Johnny Meads

No. 91, 93
- Position: Linebacker

Personal information
- Born: June 25, 1961 (age 65) New Orleans, Louisiana, U.S.
- Listed height: 6 ft 2 in (1.88 m)
- Listed weight: 231 lb (105 kg)

Career information
- High school: Napoleonville (LA) Assumption
- College: Nicholls State
- NFL draft: 1984 (3rd round, 56th overall pick)

Career history
- Houston Oilers (1984–1992); Washington Redskins (1992);

Career NFL statistics
- Sacks: 23.5
- Interceptions: 1
- Fumble recoveries: 2
- Stats at Pro Football Reference

= Johnny Meads =

American football player (born 1961)

Johnny Sand Meads (born June 25, 1961) is an American former professional football player who was a linebacker in the National Football League (NFL) for the Houston Oilers from 1984 to 1992 and Washington Redskins in 1992. Meads was selected by the Oilers in the third round of the 1984 NFL draft, and was also a third round (56th overall) selection by the New Orleans Breakers in the 1984 USFL draft.

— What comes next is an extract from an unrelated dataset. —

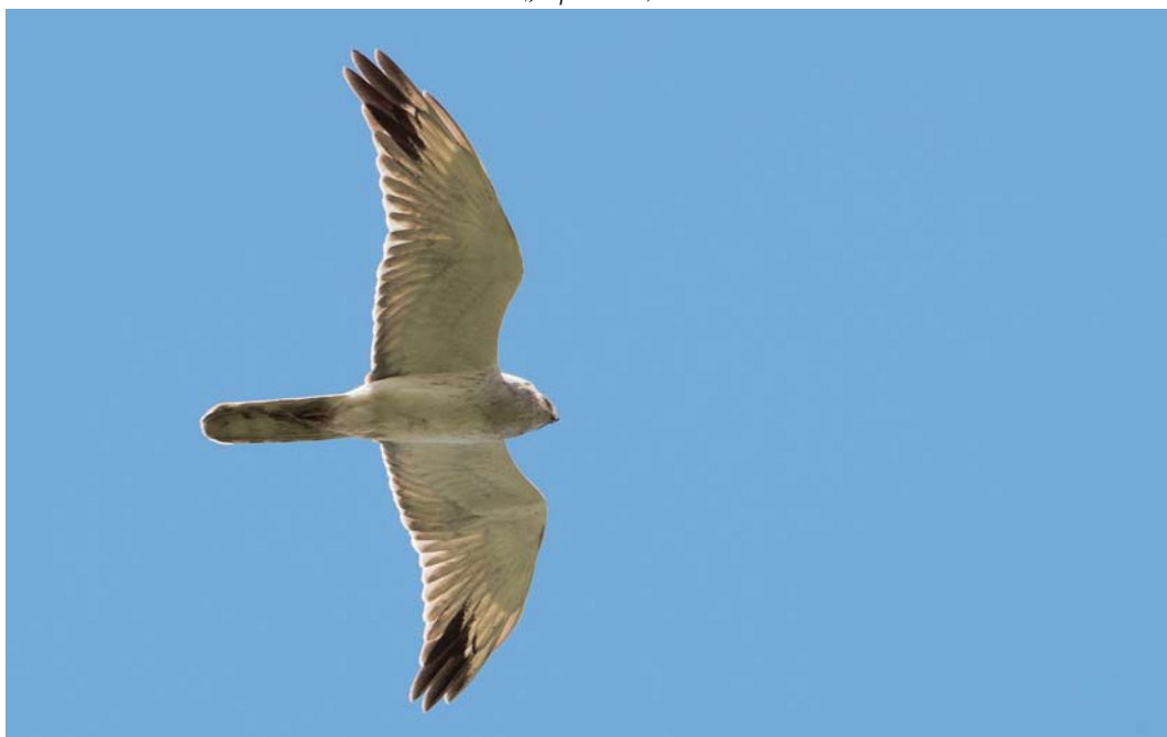
360 Steppekiekendief / Pallid Harrier Circus macrourus , subadult mannetje, Finsterwolde, Groningen, 16 mei 2014

Meads played college football for the Nicholls State Colonels and high school football at Assumption High School in Napoleonville, Louisiana.

==Later career==
Meads walked on to the football team at Nicholls State without a scholarship before being drafted into the NFL. After retiring from professional football, he worked as a recruiter, including for the Truck Driver Institute's Milton, Florida campus as of 2019.